Below is a set of records, and all of them should be retyped exactly, minus the pictures.

────────

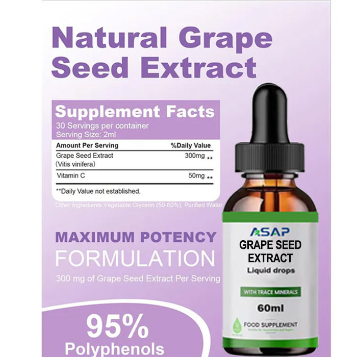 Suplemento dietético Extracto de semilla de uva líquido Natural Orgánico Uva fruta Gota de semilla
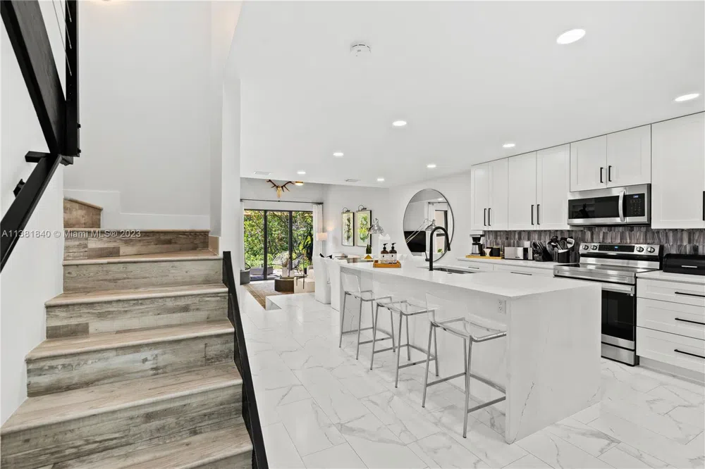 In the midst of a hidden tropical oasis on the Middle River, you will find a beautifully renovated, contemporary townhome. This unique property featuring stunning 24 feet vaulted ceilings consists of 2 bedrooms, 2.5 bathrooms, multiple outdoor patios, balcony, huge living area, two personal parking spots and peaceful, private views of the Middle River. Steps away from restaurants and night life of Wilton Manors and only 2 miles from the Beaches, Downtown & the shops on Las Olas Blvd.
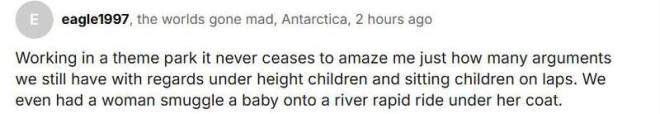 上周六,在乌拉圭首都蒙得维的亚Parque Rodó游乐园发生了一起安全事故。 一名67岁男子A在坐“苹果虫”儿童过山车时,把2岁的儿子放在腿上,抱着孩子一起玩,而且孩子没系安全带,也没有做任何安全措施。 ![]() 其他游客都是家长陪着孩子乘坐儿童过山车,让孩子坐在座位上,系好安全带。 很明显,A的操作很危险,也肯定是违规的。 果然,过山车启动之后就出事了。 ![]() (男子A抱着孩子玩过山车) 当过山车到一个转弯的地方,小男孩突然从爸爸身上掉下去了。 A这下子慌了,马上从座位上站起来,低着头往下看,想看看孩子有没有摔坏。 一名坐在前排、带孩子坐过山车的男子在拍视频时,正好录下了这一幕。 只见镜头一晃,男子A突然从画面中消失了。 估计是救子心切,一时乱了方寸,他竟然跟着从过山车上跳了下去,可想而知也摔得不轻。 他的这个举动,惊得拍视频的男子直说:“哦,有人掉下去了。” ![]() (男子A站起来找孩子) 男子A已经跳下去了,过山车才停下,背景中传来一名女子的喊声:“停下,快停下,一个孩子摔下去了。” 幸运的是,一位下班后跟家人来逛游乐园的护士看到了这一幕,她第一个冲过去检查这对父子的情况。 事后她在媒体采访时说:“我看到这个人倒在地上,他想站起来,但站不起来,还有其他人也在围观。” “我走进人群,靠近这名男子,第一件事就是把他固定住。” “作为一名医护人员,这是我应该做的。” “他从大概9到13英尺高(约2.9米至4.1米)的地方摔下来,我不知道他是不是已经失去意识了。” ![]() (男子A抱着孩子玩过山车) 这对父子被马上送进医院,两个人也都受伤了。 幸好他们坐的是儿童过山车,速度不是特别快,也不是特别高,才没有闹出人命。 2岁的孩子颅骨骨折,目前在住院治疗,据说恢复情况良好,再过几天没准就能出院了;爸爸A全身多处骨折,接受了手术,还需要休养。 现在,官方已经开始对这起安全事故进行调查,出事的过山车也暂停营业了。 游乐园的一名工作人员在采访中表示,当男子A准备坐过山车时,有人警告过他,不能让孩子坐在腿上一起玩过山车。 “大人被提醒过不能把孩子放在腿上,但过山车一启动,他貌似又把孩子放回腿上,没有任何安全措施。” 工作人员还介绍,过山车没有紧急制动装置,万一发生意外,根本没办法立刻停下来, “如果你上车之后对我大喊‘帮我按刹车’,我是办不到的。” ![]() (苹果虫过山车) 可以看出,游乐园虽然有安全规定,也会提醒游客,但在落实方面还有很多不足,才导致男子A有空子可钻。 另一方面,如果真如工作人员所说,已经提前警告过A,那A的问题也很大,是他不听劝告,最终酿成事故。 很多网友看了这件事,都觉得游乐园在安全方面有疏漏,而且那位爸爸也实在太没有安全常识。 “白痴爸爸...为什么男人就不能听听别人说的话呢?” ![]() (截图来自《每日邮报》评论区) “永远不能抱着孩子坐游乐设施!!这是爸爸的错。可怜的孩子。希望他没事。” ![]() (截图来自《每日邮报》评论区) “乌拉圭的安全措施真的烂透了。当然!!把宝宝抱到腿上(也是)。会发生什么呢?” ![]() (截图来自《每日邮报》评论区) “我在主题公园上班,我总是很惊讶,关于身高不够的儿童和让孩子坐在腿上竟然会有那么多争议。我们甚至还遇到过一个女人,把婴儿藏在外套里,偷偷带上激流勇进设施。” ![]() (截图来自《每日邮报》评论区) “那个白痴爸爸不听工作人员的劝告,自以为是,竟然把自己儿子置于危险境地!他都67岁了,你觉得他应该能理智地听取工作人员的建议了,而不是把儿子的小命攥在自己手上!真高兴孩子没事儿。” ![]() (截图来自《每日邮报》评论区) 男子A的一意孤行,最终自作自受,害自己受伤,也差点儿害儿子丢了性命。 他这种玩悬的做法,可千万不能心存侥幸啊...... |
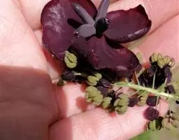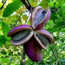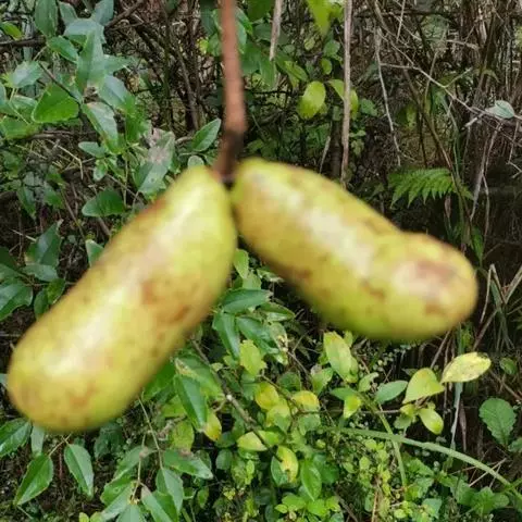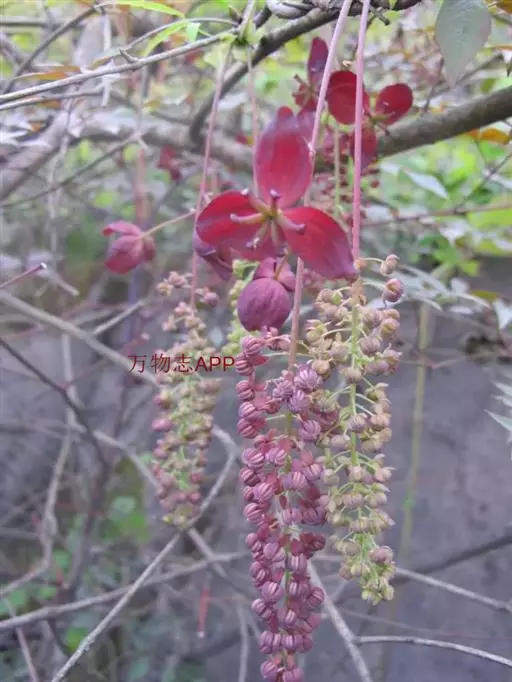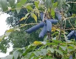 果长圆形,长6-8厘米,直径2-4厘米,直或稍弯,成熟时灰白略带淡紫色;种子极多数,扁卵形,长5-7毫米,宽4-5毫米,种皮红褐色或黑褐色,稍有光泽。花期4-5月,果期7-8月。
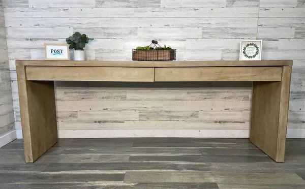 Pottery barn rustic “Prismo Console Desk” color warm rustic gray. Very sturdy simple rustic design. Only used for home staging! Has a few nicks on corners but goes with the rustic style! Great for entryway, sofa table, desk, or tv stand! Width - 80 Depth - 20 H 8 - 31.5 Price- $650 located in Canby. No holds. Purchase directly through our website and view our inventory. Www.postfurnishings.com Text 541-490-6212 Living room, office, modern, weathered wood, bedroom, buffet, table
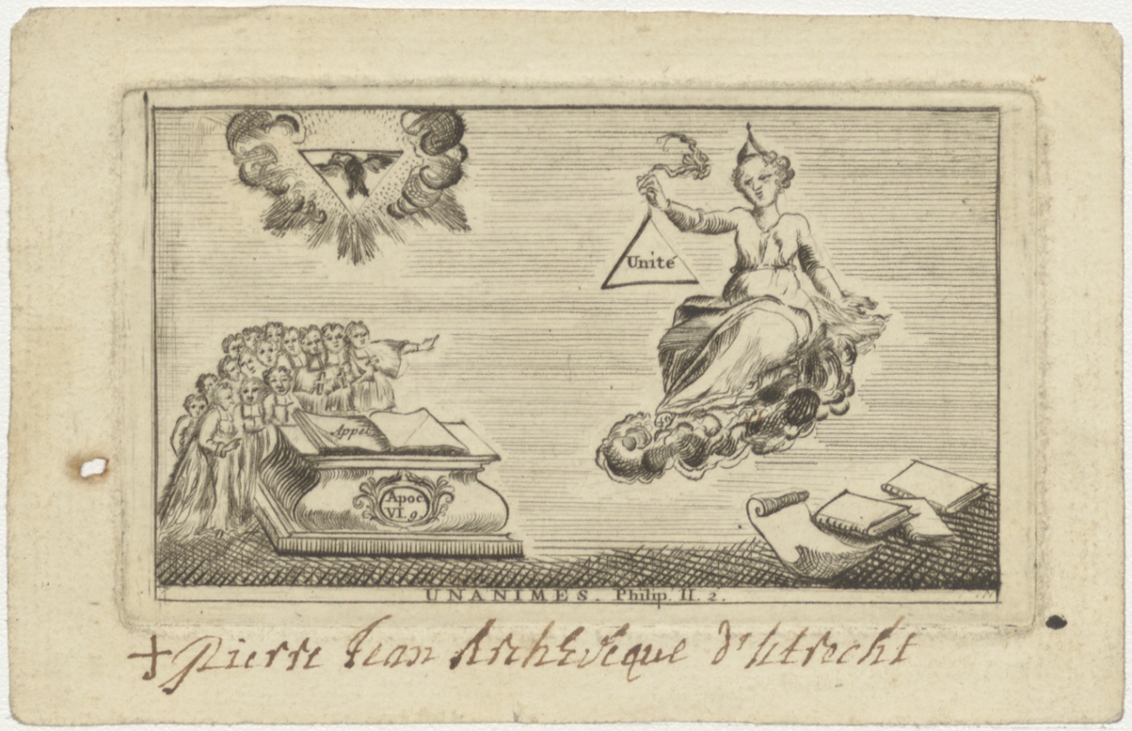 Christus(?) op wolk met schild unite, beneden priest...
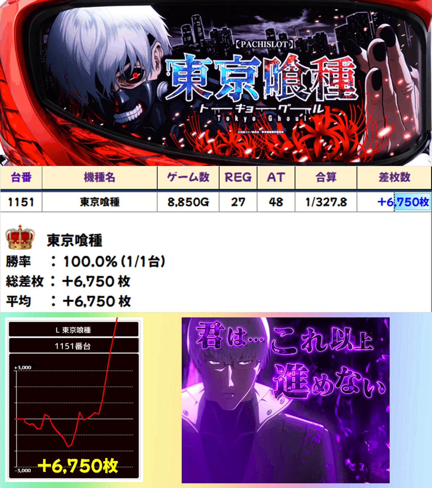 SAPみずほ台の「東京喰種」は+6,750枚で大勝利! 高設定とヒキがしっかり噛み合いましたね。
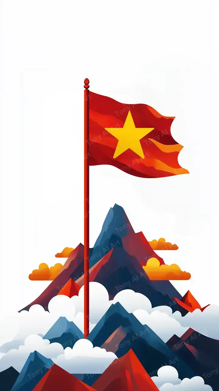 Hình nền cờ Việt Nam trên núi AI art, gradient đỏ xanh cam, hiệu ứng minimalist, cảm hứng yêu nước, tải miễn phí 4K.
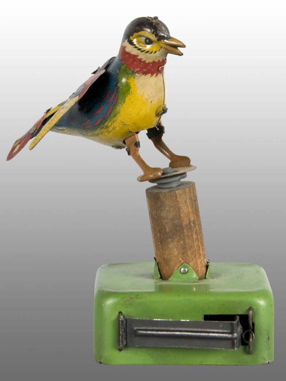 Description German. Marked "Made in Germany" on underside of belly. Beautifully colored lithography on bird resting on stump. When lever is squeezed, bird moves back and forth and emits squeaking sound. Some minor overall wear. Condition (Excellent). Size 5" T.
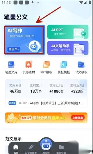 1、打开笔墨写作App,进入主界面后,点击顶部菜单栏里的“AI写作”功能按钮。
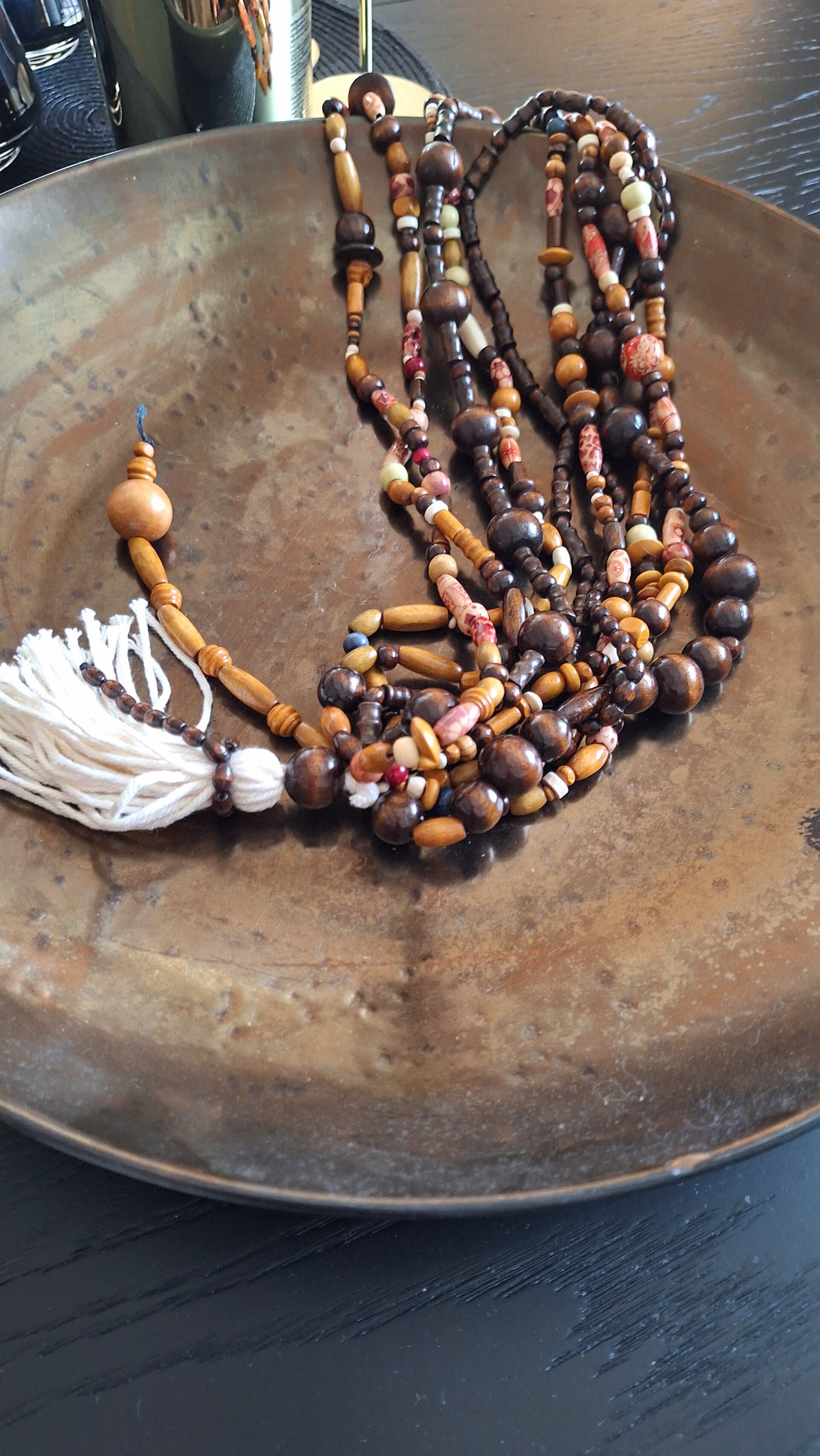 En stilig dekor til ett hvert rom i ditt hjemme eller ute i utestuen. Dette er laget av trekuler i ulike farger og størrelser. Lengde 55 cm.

────────

• _Written reply_:
 Suplemento dietético Extracto de semilla de uva líquido Natural Orgánico Uva fruta Gota de semilla
 In the midst of a hidden tropical oasis on the Middle River, you will find a beautifully renovated, contemporary townhome. This unique property featuring stunning 24 feet vaulted ceilings consists of 2 bedrooms, 2.5 bathrooms, multiple outdoor patios, balcony, huge living area, two personal parking spots and peaceful, private views of the Middle River. Steps away from restaurants and night life of Wilton Manors and only 2 miles from the Beaches, Downtown & the shops on Las Olas Blvd.
 上周六,在乌拉圭首都蒙得维的亚Parque Rodó游乐园发生了一起安全事故。 一名67岁男子A在坐“苹果虫”儿童过山车时,把2岁的儿子放在腿上,抱着孩子一起玩,而且孩子没系安全带,也没有做任何安全措施。 ![]() 其他游客都是家长陪着孩子乘坐儿童过山车,让孩子坐在座位上,系好安全带。 很明显,A的操作很危险,也肯定是违规的。 果然,过山车启动之后就出事了。 ![]() (男子A抱着孩子玩过山车) 当过山车到一个转弯的地方,小男孩突然从爸爸身上掉下去了。 A这下子慌了,马上从座位上站起来,低着头往下看,想看看孩子有没有摔坏。 一名坐在前排、带孩子坐过山车的男子在拍视频时,正好录下了这一幕。 只见镜头一晃,男子A突然从画面中消失了。 估计是救子心切,一时乱了方寸,他竟然跟着从过山车上跳了下去,可想而知也摔得不轻。 他的这个举动,惊得拍视频的男子直说:“哦,有人掉下去了。” ![]() (男子A站起来找孩子) 男子A已经跳下去了,过山车才停下,背景中传来一名女子的喊声:“停下,快停下,一个孩子摔下去了。” 幸运的是,一位下班后跟家人来逛游乐园的护士看到了这一幕,她第一个冲过去检查这对父子的情况。 事后她在媒体采访时说:“我看到这个人倒在地上,他想站起来,但站不起来,还有其他人也在围观。” “我走进人群,靠近这名男子,第一件事就是把他固定住。” “作为一名医护人员,这是我应该做的。” “他从大概9到13英尺高(约2.9米至4.1米)的地方摔下来,我不知道他是不是已经失去意识了。” ![]() (男子A抱着孩子玩过山车) 这对父子被马上送进医院,两个人也都受伤了。 幸好他们坐的是儿童过山车,速度不是特别快,也不是特别高,才没有闹出人命。 2岁的孩子颅骨骨折,目前在住院治疗,据说恢复情况良好,再过几天没准就能出院了;爸爸A全身多处骨折,接受了手术,还需要休养。 现在,官方已经开始对这起安全事故进行调查,出事的过山车也暂停营业了。 游乐园的一名工作人员在采访中表示,当男子A准备坐过山车时,有人警告过他,不能让孩子坐在腿上一起玩过山车。 “大人被提醒过不能把孩子放在腿上,但过山车一启动,他貌似又把孩子放回腿上,没有任何安全措施。” 工作人员还介绍,过山车没有紧急制动装置,万一发生意外,根本没办法立刻停下来, “如果你上车之后对我大喊‘帮我按刹车’,我是办不到的。” ![]() (苹果虫过山车) 可以看出,游乐园虽然有安全规定,也会提醒游客,但在落实方面还有很多不足,才导致男子A有空子可钻。 另一方面,如果真如工作人员所说,已经提前警告过A,那A的问题也很大,是他不听劝告,最终酿成事故。 很多网友看了这件事,都觉得游乐园在安全方面有疏漏,而且那位爸爸也实在太没有安全常识。 “白痴爸爸...为什么男人就不能听听别人说的话呢?” ![]() (截图来自《每日邮报》评论区) “永远不能抱着孩子坐游乐设施!!这是爸爸的错。可怜的孩子。希望他没事。” ![]() (截图来自《每日邮报》评论区) “乌拉圭的安全措施真的烂透了。当然!!把宝宝抱到腿上(也是)。会发生什么呢?” ![]() (截图来自《每日邮报》评论区) “我在主题公园上班,我总是很惊讶,关于身高不够的儿童和让孩子坐在腿上竟然会有那么多争议。我们甚至还遇到过一个女人,把婴儿藏在外套里,偷偷带上激流勇进设施。” ![]() (截图来自《每日邮报》评论区) “那个白痴爸爸不听工作人员的劝告,自以为是,竟然把自己儿子置于危险境地!他都67岁了,你觉得他应该能理智地听取工作人员的建议了,而不是把儿子的小命攥在自己手上!真高兴孩子没事儿。” ![]() (截图来自《每日邮报》评论区) 男子A的一意孤行,最终自作自受,害自己受伤,也差点儿害儿子丢了性命。 他这种玩悬的做法,可千万不能心存侥幸啊...... |
 果长圆形,长6-8厘米,直径2-4厘米,直或稍弯,成熟时灰白略带淡紫色;种子极多数,扁卵形,长5-7毫米,宽4-5毫米,种皮红褐色或黑褐色,稍有光泽。花期4-5月,果期7-8月。
 Pottery barn rustic “Prismo Console Desk” color warm rustic gray. Very sturdy simple rustic design. Only used for home staging! Has a few nicks on corners but goes with the rustic style! Great for entryway, sofa table, desk, or tv stand! Width - 80 Depth - 20 H 8 - 31.5 Price- $650 located in Canby. No holds. Purchase directly through our website and view our inventory. Www.postfurnishings.com Text 541-490-6212 Living room, office, modern, weathered wood, bedroom, buffet, table
 Christus(?) op wolk met schild unite, beneden priest...
 SAPみずほ台の「東京喰種」は+6,750枚で大勝利! 高設定とヒキがしっかり噛み合いましたね。
 Hình nền cờ Việt Nam trên núi AI art, gradient đỏ xanh cam, hiệu ứng minimalist, cảm hứng yêu nước, tải miễn phí 4K.
 Description German. Marked "Made in Germany" on underside of belly. Beautifully colored lithography on bird resting on stump. When lever is squeezed, bird moves back and forth and emits squeaking sound. Some minor overall wear. Condition (Excellent). Size 5" T.
 1、打开笔墨写作App,进入主界面后,点击顶部菜单栏里的“AI写作”功能按钮。
 En stilig dekor til ett hvert rom i ditt hjemme eller ute i utestuen. Dette er laget av trekuler i ulike farger og størrelser. Lengde 55 cm.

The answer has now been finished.